Date: 08/08/21 15:12
Still more slang for Sunday
Author: cewherry

Whittlin' down the list...

CAR KNOCKER---'Trainhand' and 'Searat' both mentioned this one. Freeman Hubbard said this: Car inspector
or repairer--from the early custom of tapping the wheels to detect flaws. Also called car whacker and car toad (because
he squats while inspecting), car tink and car tonk.

SHARP SHOOTER---Any railroad man who is always figuring out the best jobs based on working conditions or pay, avoiding
the undesirable ones.  It didn't take a rocket scientist to detect who these guys were. Literally volumes could be written on this subject.

WIPING THE CLOCK---Placing the train brakes in emergency. "I saw 'gine wasn't gonna stop, so I wiped her clock" 

DEADMAN PEDAL---A safety device requiring the engineer to keep constant downward pressure applied at all times while the engine
brakes are released. Failure to do so on diesel locomotives resulted in a 'penalty air brake application' of the train brakes. Again, volumes
could be written on the subject. Suffice to say any tampering or disabling of safety devices is a violation of FRA laws and will result in disciplinary action.

FIST---Telegraph operators handwriting. This script, in the days before telephones, typewriters and teletypes, was characterized by its 
bold flowing curves which connected one word with another; and its legibility. Ops, (train order operators), were proud of their penmanship. 

FOOTBOARD---The step on the rear and front ends of switch or freight engines. Many casualties were caused by switchmen or trainmen missing 
these steps while trying to get on while the engine was moving toward them. Back in their day, I've had switchmen stand, flat-footed, immediately
in front of my engine and board as I approached them! My first reaction was to stop the movement; but in doing so I would 'mess up' their timing,
which was crucial, and possibly cause them to miss their target with disastrous results. Footboards are now 'outlawed', thankfully.

HANDLE / FLAG---Assumed name. Many boomers worked under a flag when his own name was black-listed. Another use of the term handle
occurs when using additional cars to reach beyond the point on a track where locomotives are prohibited because of weight or maneuverability
issues. Such locations were shown in the special instructions portion of the employee timetable. Such 'handles' were also referred to as 'reachers'.

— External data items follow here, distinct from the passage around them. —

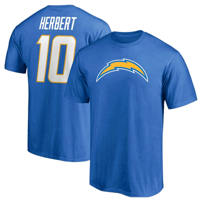 Camiseta con nombre y número de Justin Herbert, jugador de Los Angeles Chargers - Azul claro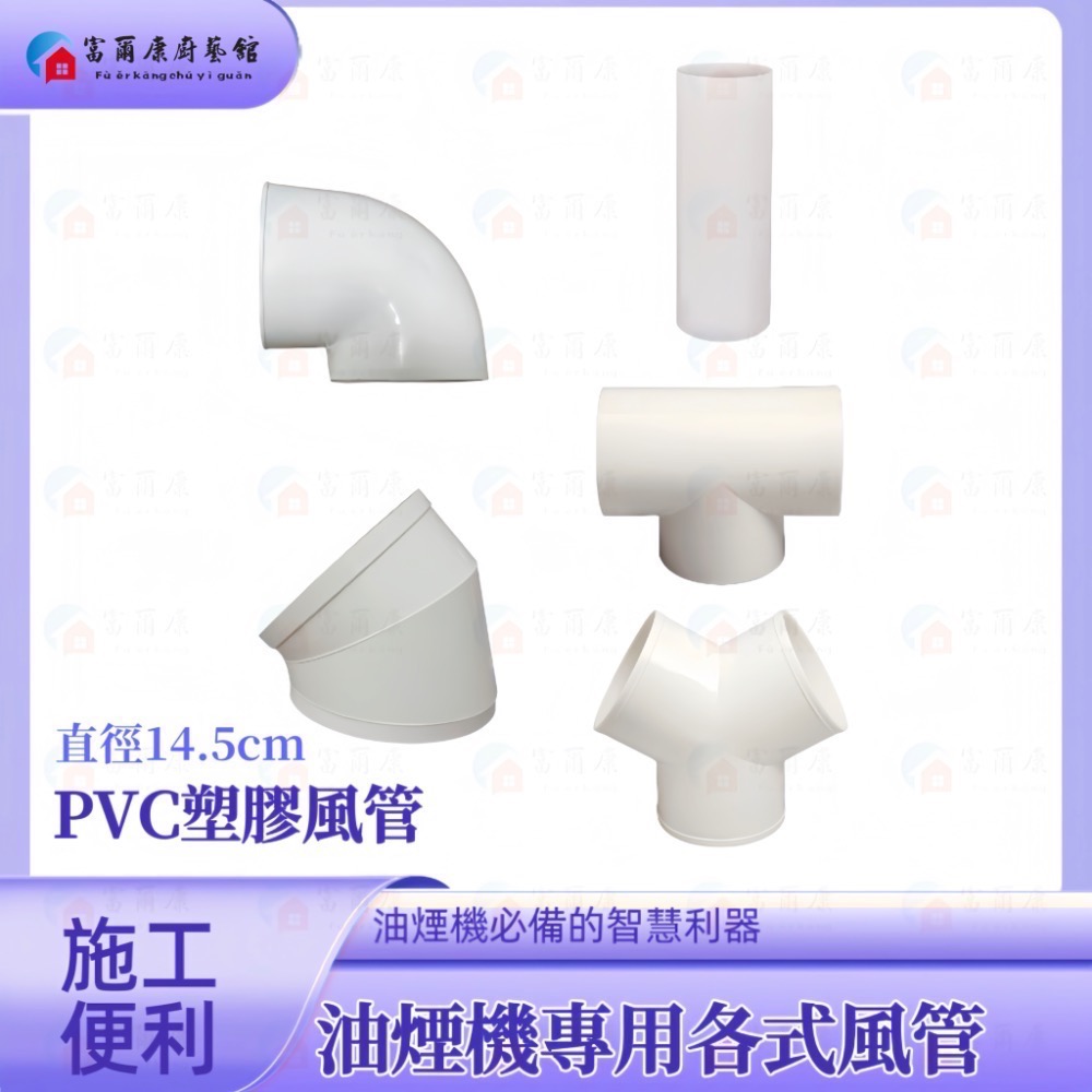 【富爾康】白色塑膠風管45度彎頭/90度彎頭/直管6''防鳥接頭連接鋁風管鋁風管接頭通風管接頭PVC排油煙機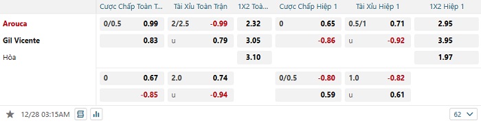 Tip kèo Châu Á hiệp 1 Arouca vs Vicente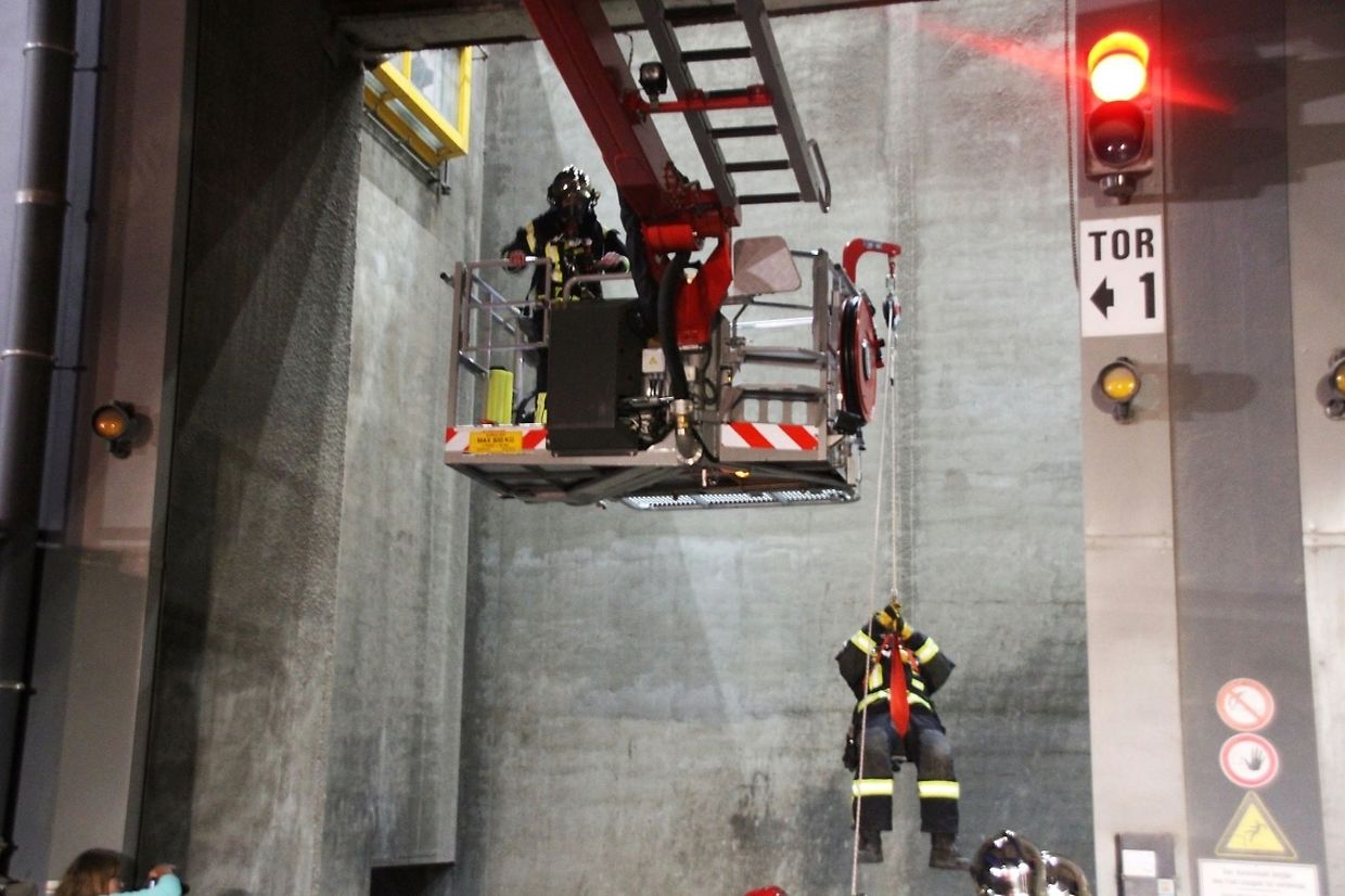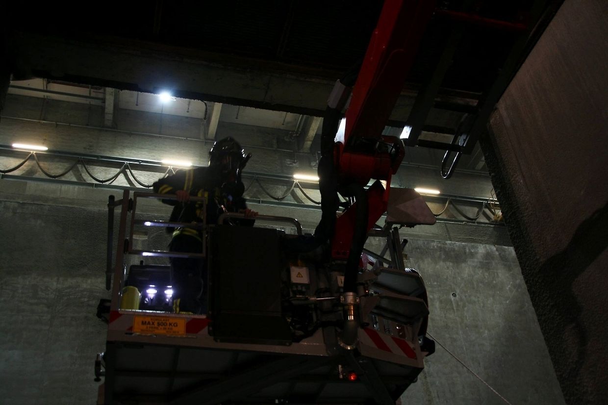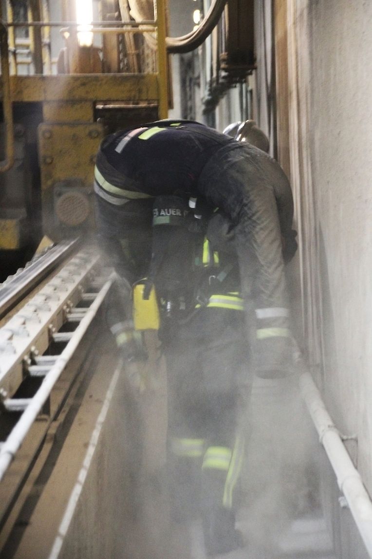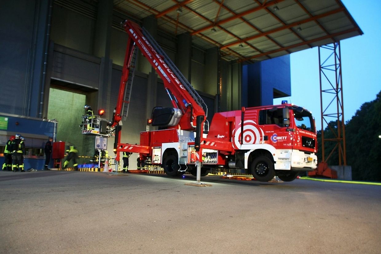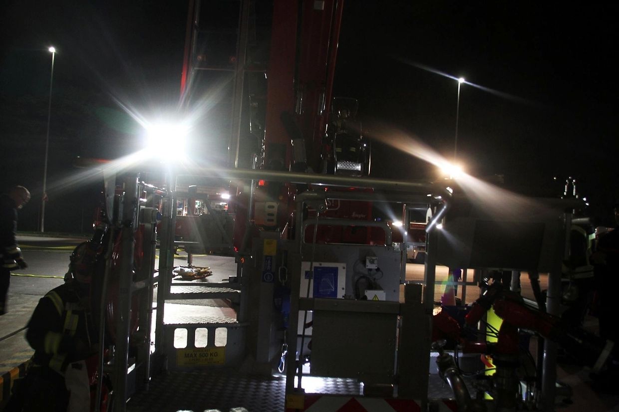 Anschließend mussten die Arbeiter des Kontrollzentrums mittels Teleskopmastfahrzeug aus einer Höhe von etwa 23m gerettet werden. Da dieser Bereich durch eine Brandschutztür vom Rauch abgeschirmt war, konnten diese ohne größeren Zeitdruck evakuiert werden.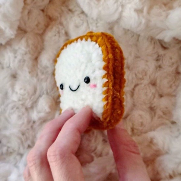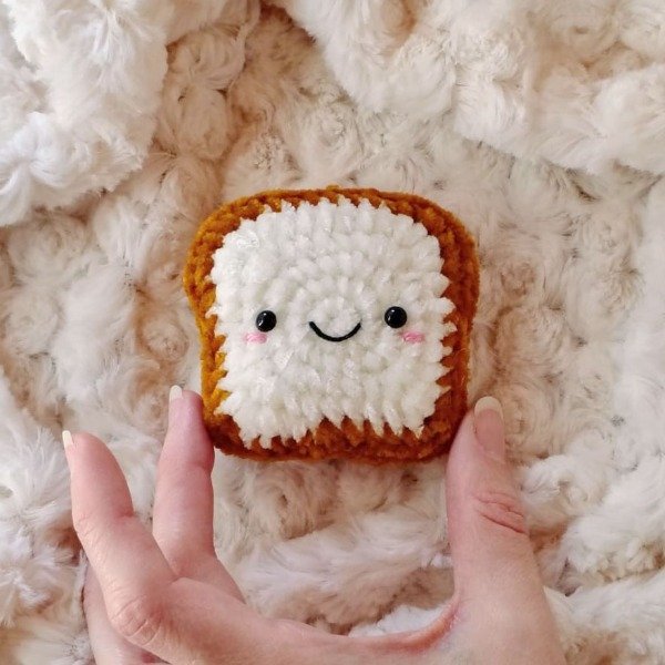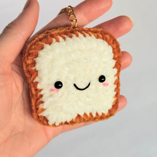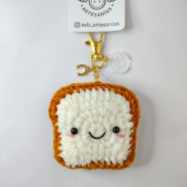 Llavero amigurumi de adorable tostada, confeccionado con hilo de chenille, mosquetón y dije dorados. Ideal para las llaves o para decorar bolsos y mochilas. Medidas del llavero: 13 cm x 7,5 cm.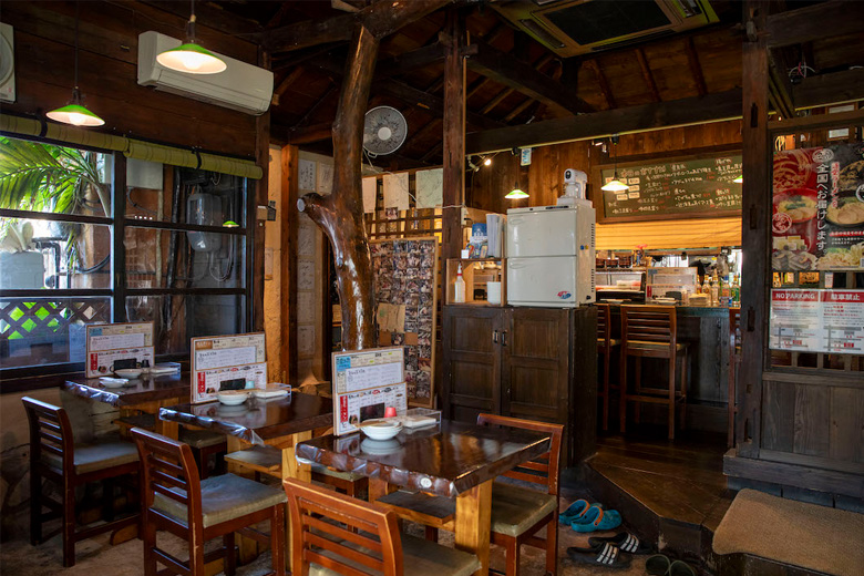 雰囲気のある古民家で、沖縄食材をふんだんに使った料理と、おいしい泡盛や古酒、さらに名物ラーメンまで楽しめる「きんぱぎんぱ」。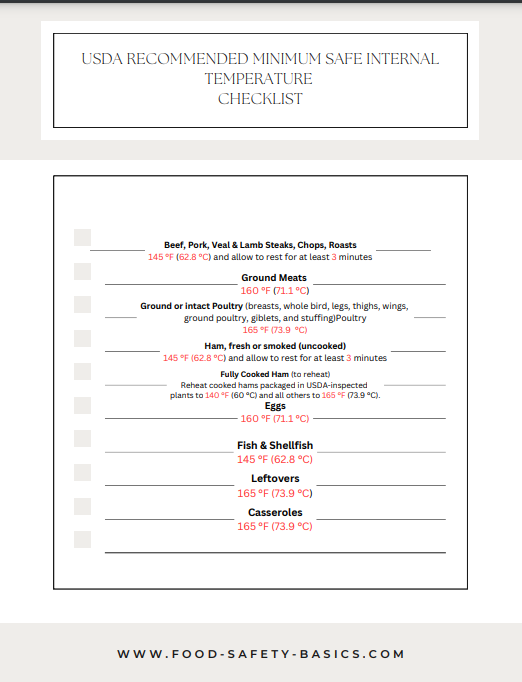 Safe Internal Temperature Checklist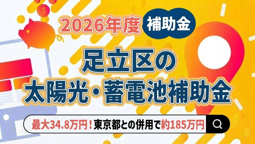 【2026年(令和8年)最新】足立区の太陽光・蓄電池補助金はいくら?最大34.8万円+都併用で約185万円

FLAT WHEEL / FLAT SPOT---Car wheel that has flat spots on the tread. 

COMPANY NOTCH---Forward corner of the reverse gear quadrant on a steam locomotive. I've always assumed it meant where the most
power was being produced with the least use of fuel and water. Others, more conversant with steam operations can elaborate on this.

SEASHORE / GRIT---Sand, used to prevent or control slipping-spinning of locomotive driving wheels.

Charlie


 



Edited 2 time(s). Last edit at 08/08/21 22:59 by cewherry.



Date: 08/08/21 17:59
Re: Still more slang for Sunday
Author: boxcar1954

More good stuff. 

Alas, last I checked AAR rules that allocate responsibility for payment have differentiated 'flat wheel' with a wheel which is 'out of round'.  Result, owner of the car pays for out of round, handling line pays for the flat since (presumably), the handling line set the brakes and flattened it. 



Date: 08/08/21 22:21
Re: Still more slang for Sunday
Author: wa4umr

In the world of Morse Code, "Fist" also refers to the characteristics of a particular operator.  While Morse Code is pretty much straightforward, the letter "A" is always a dot and a dash, some operators have a distinctive rhythm that makes them a bit unique.  It might be the spacing between words or the difference between the dots and the dashes.  Just like we can recognize certain familiar voices, Morse operators could recognize the "fist" of other operators.

John



Date: 08/08/21 23:10
Re: Still more slang for Sunday
Author: PHall

Santa Fe didn't allow employees to ride on footboards. Hence the "Keep Off" on the pilots of steam and diesel switchers.
Rule 810 of the Santa Fe rulebook also prohibited use of footboards too.



Date: 08/09/21 08:20
Re: Still more slang for Sunday
Author: Searat

When I first started railroading, I worked as a brakeman/switchman. Riding the footboards of engines and the tops of freight cars had just been proscribed by rule, but many of the old heads we worked with insisted that those were the best practices to master.  The 90 day 'derail' period faced by new hires also complicated the situation as we faced immediate dismissal for rule violations.  I freely admit to being an equivocator under the circumstances. I didn't mind riding the engine footboards in trail position after 'lining behind,' a routine chore for a newbie expected to follow the engine, and I climbed up to the highest step on the car ladders so that I could see over the tops and pass the signs of the field man as he rode the tops.  Over time, I became comfortable with those practices, until an old head conductor 'tested' me by ordering me to get on top of a cupola caboose to clean the windows after lining behind on the main.  We were leaving Watsonville Jct. for Salinas on a twenty five car road switcher, and the hogger went 'straight to eight' on a pair of older jeeps.  I suddenly found myself on the caboose top, ass up in a huge cloud of diesel smoke, trying to clean windows at 50 MPH.  I eventually made it down the ladder on the leading end of that 'crummy' and exacted a small measure of revenge by holding open the door long enough to direct a sizable stream of dust and smoke inside.  He never said a word about it, and neither did I.  It was sort of my final exam as a new hire, and I guess I passed.



Date: 08/09/21 11:39
Re: Still more slang for Sunday
Author: ln844south

Where I worked on the L&N, "Flat Wheel" also refered to an employee who walked with a limp.
Steve



Date: 08/09/21 20:16
Re: Still more slang for Sunday
Author: cewherry

PHall Wrote:
-------------------------------------------------------
> Santa Fe didn't allow employees to ride on
> footboards.

Not true. At least the part about riding footboards was
allowed in Santa Fe's April 24, 1966 rulebook. 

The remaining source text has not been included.